Przeginia Duchowna - po sąsiedzku, a właściwie jej nie znam. Kilka wypadów na Kajasówkę i wzdłuż niej nie załatwia sprawy. Postanawiam więc nadrabiać te braki wjeżdżając w boczne drogi. Jest jeszcze zima, na trawie leżą resztki śniegu kiedy robię mały wypad. Z głównej drogi w kierunku Czernichowa skręcam w prawo i dojeżdżam do małego mostku. Dotąd kiedyś już dotarłam z wycieczką Historie Podkrakowskie Gminy Czernichów, ale wtedy musiałam wracać i właściwie na mostku wycieczka się zakończyła.
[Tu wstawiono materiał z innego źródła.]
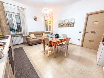 Columbia Apartment, San Benedetto Del Tronto, Via Cola di Rienzo, 100 metri dal mare. Piano terra rialzato. Ingresso su soggiorno/cucina open space, due camere da letto di cui una spaziosa matrimoniale ed una tripla con letto a castello ed un letto estraibile, bagno con docciia, disimpegno con armadio attrezzato con lavanderia. Posti letto n. 5.

Tej niedzieli idę dalej. Po prawej potok, minęłam już dwie kapliczki, mogę skręcić do góry w lewo lub iść prosto. Wybieram drogę przed siebie, może dlatego, że wśród zieleni zapowiada wyciszający spacer. Potok Rudno wije się i zakręca, jest dość szeroki, to sprawia mi niespodziankę. Dochodzę do ogromnej łąki i kolejne zaskoczenie - są inni spacerowicze. I jeszcze jedna niespodzianka - wśród spacerowiczek znajoma osoba. Przez chwilę idziemy razem i dopytuję o okolicę. Wzgórze po drugiej stronie to Zajazie. naturalnymi mieszkańcami tych rejonów są bobry i dziki i nigdzie w pobliżu nie jest na tyle wąsko bym mogła przedostać się na drugi brzeg. Po chwili zostawiam panie i zawracam. Widzę kolejnych wycieczkowiczów.
Miejsce na spacer doskonałe, wracam więc tu kilka razy i sprawdzam jeszcze jak to miejsce widać z góry (i co widać z góry) czyli wspinam się ścieżką w lewo. Ścieżka jest długa, wchodzę tylko w zagajnik, który jest ponad łąką z potokiem. Utwierdzam się w przekonaniu jak mało znam Przeginię Duchowną.